On October 2 the Currier Museum of Art launches The Secret Life of Art: Mysteries of the Museum Revealed, an exploration of the life of an art museum. The exhibition gives a glimpse into the world of museums, unlocking secrets from the Currier’s own collection of art along the way.

Imagine following the journey of a painting beginning from its first showing at a gallery in the 1930’s, as it travels around the country to its final home at the Currier. Georgia O’Keeffe’s Cross by the Sea, 1932, has 22 paper labels attached to back of the painting that document its exhibition and ownership history from its first presentation at Alfred Stieglitz’s gallery An American Place in 1935. The labels serve as a visual record of the painting’s growing acceptance as a major work by one of America’s most important modernist artists. The painting will be mounted so that both front and back will be visible and text accompanying the painting will “decode” the labels to give a complete picture of its history.

A simple childhood memory can lead to an extraordinary gift of art to a museum. Such is the case with Mark Rothko’s Untitled, Red over Brown, 1967. This painting was inscribed on the reverse, “To my friend Dr. Albert Grokoest with gratitude Mark Rothko 1967” by the artist when he gave the painting to his physician and friend Dr. Albert Grokoest. Grokoest was a New Hampshire native, and he bequeathed the picture to the Currier in appreciation of the role the museum played in his childhood. Without Dr. Grokoest’s generosity, the Currier might not have a work by this renowned Abstract Expressionist painter of the mid twentieth century.
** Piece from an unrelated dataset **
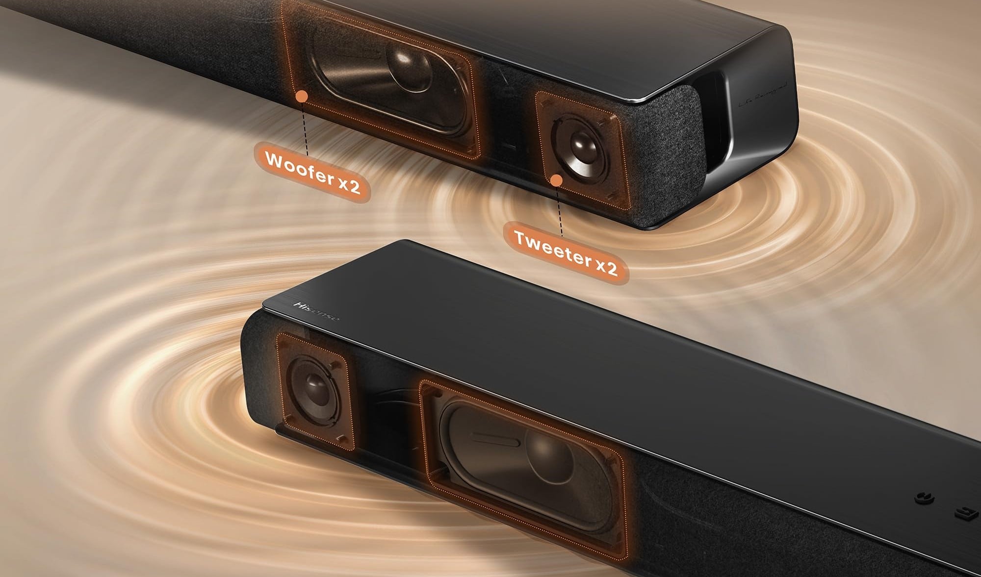 Oldalanként két hangszórója van a hangprojektornak, így képes kellően széles frekvenciatartományt lefedeni a hangjával. Van benne két darab magassugárzó és két darab mély-középhangszóró, ezeket teljesen a szélére rendezték a tervezők, ezzel is növelve az általa nyújtott teret.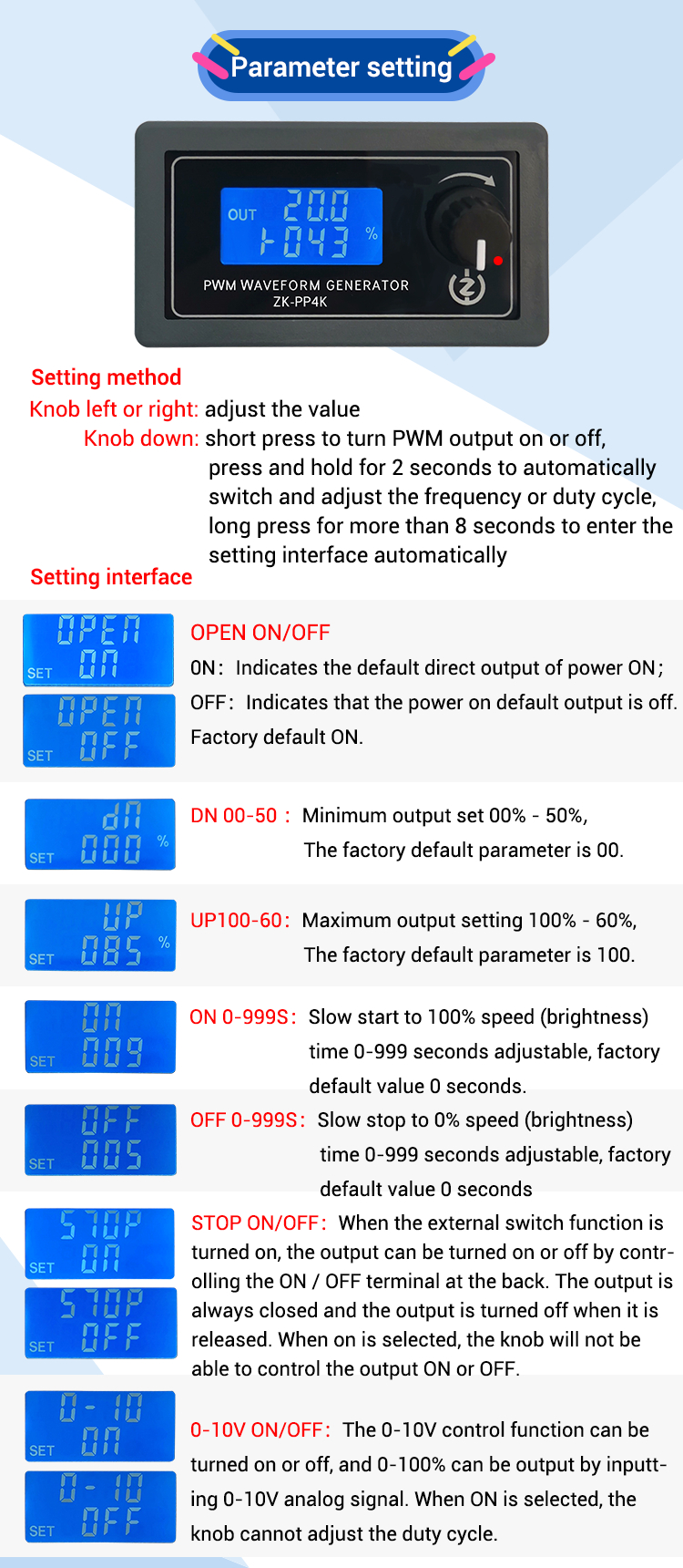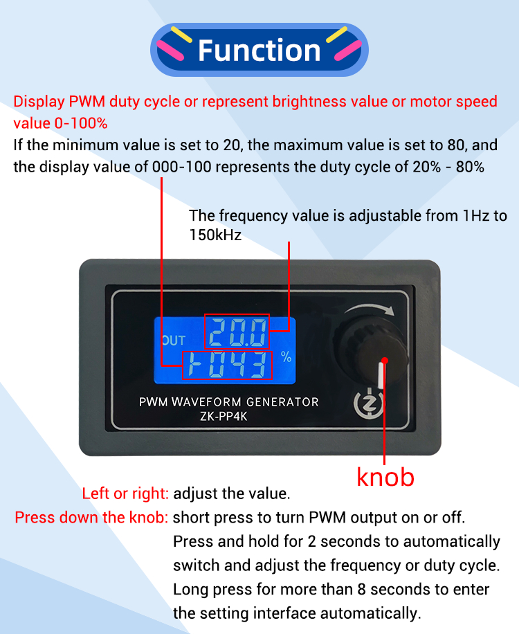 ZK-PP4K PWM Pulse Generator PWM Waveform Generator 1Hz-150KHz w/ LCD Display For Lighting LED Motor

Often the artist’s original concept and the final work of art change during the creative process. The Secret Life lets you take a look under the paint using scientific analysis, like infrared photos. Such photos of the seventeenth-century Dutch panel painting Card Players, about 1635, by Jan Molenaer, reveals the artist’s under-drawing and changes he made to the composition as he created it. Card Players will be displayed with a full-sized enlargement of the infrared image and text that will help visitors understand how technology has aided curators and conservators in understanding this object’s history and the artist’s working methods.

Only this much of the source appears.